All of this is the result of centuries of foreign domination. Latvians have been fiercely successful in simply surviving, in not going the way of the Baltic-speaking Old Prussians and other small languages. But they have stayed alive only by simultaneously making compromises with the invaders, and at the same time keeping their inner world to themselves. The result is a great deal of confusion about how they should react towards the world.

Dispossession and confused identity are also two sides to the same coin. Not for nothing one of the most beloved songs of diaspora Latvians is "Zeme, zeme" (sung, incidentally, to the melody of a Jewish folk song): Land, land, what is the land, If you don’ t have real freedom? / Freedom, freedom, what is freedom, If you don’t have your own land?

In Latvian, the words for land and country are the same—zeme—and the struggle for both has been closely linked throughout history. Under German barons and Soviet commissars, Latvians have resented their occupants as much for kicking them off their few acres of soil as for imposing foreign political institutions.

The foreign overlords have also prevented them from being themselves. Latvians have won gold medals at Olympics, played crucial roles in history-changing battles, sung in world-famous opera companies, but usually under someone else’s flag. As a result, as anyone who has identified themselves as a Latvian when travelling abroad will know, the world doesn’t seem to know a thing about us, except maybe for a few sound bites from negative news reports.

There is something touching about the way Latvians cling to the few moments when they are in the limelight. Every spring, the world ice hockey championships cause thousands of young people to go berserk when their team is playing.

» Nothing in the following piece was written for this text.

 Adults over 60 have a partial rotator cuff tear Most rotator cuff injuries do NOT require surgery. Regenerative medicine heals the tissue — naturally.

Asked why they are donning face paint in national colours and singing in the streets, they usually reply, "Because it’s the only game we’ re good at." This inferiority complex translates into emigration. I have talked to numerous youngsters planning to marry, study or work overseas because, they say, "This country doesn’t have anything."

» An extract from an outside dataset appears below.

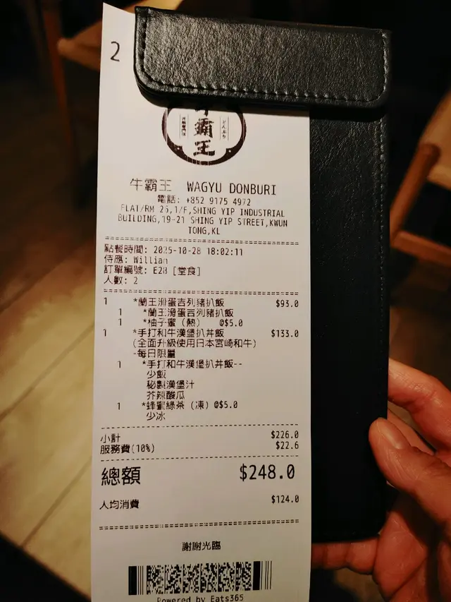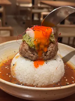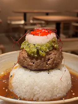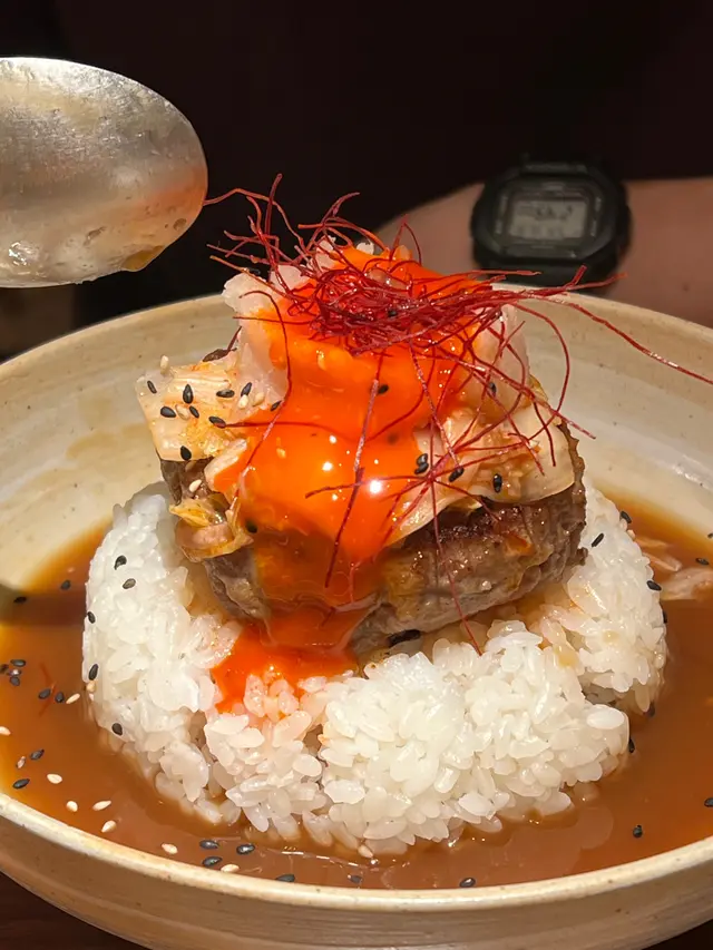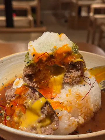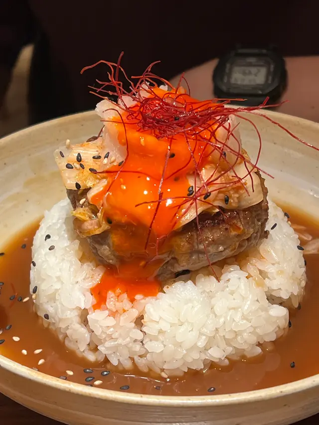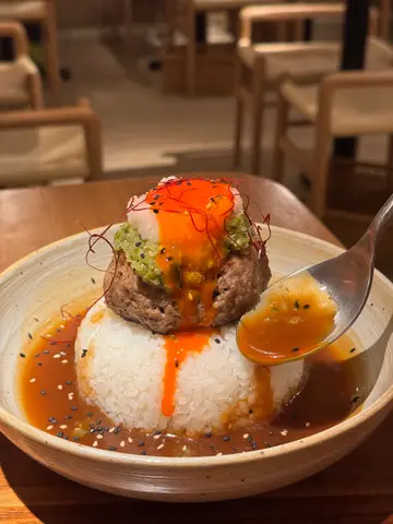 小店裝潢簡約, 冷氣充足, 唯電訊網絡接收差。All day menu 選擇不少, 首次光顧選了其限量供應的招牌手打和牛漢堡蘭王蛋飯。1) 招牌手打和牛漢堡蘭王蛋飯 $128 (配日式咖喱汁和日式泡菜)2) 雞皮餃子 (2件) $183) 蜂蜜綠茶 (凍) $5招牌手打和牛漢堡蘭王蛋飯可自選醬汁和配料, 我選了日式咖喱汁和日式泡菜。丼飯由飯作基底, 以層層疊的方式堆砌漢堡, 日式泡菜和蘭王蛋, 賣相吸睛。嚐一口咖喱汁, 咖喱香辣惹味, 質感濃稠, 雖然要求了多汁, 還是覺得不夠。飯的份量不少, 甚有黏性。和牛漢堡牛味濃郁, 既鬆軟又juicy, 可口美味。日式泡菜配上蘿蔔蓉和蘭王蛋汁同吃, 層次豐富。追加了雞皮餃子, 雞皮餃子煎炸得香口, 外表微脆有彈性, 肉質juicy。蜂蜜綠茶味道不俗, 入口透心涼。由於選了招牌手打和牛漢堡蘭王蛋飯 (霸王餐), 吃畢碗底會有驚喜, 有機會贏得免費飲品 / 小食 / 半價優惠 / $40現金券 / $1漢堡扒 / $1小食。雖然最後獲得 $40 現金券 ($8 x 5張), 但要消費每滿$88才可使用一張, 運氣實屬一般。…查看更多

We can hope that Latvia will one day be known for other things besides war criminals and ethnic troubles. In the Soviet Union, the small Latvian Soviet Socialist Republic punched above its weight, producing musicians, sportsmen, chocolates, sprats and radios that were and still are household names over one sixth of the Earth’s surface. Given time, there is no reason why this shouldn’t be repeated in the West, but in the meantime there will be more pained soul-searching.

Still, small nations probably don’t have a monopoly on nervous nail biting. For all their legendary self-confidence, Americans have been doing a lot of navel-gazing after certain recent events. The Germans are completely mixed up about their history. The French like big military parades on Bastille Day, even though their war record is possibly even worse than the Latvians’. And let’s not even get into the murky depths of the Russian Soul…

Perhaps the joy of Independence Day is about being with your very own crazy people.

2 thoughts on “We, the neurotic

  1. Who said that Prussian is dead? It is alive again and people speaks it. We descendents understand how important it is to learn it again.

  2. I appreciate your article with its tongue in cheek humour. It is true that Latvia has never been strong enough to defend itself on its own but has fought very bravely in both world wars. As you mention the Latvian Riflemen in ww1 and in the Waffen SS in ww2 where they were more decorated than any other foreign unit.
    Latvias history has been tragic with foreign domination,deportation and mass refugee exodus. They still face the after effects of 50years of Russification and now further population loss to Ireland etc.
    Let them bask in their well earned sentiment.
    By the way, I agree that the only way to deal with the Russian problem is to assimilate them. Dont be so polite, insist on speaking in Latvian, after all they are in Latvia, not Russia. They will soon learn.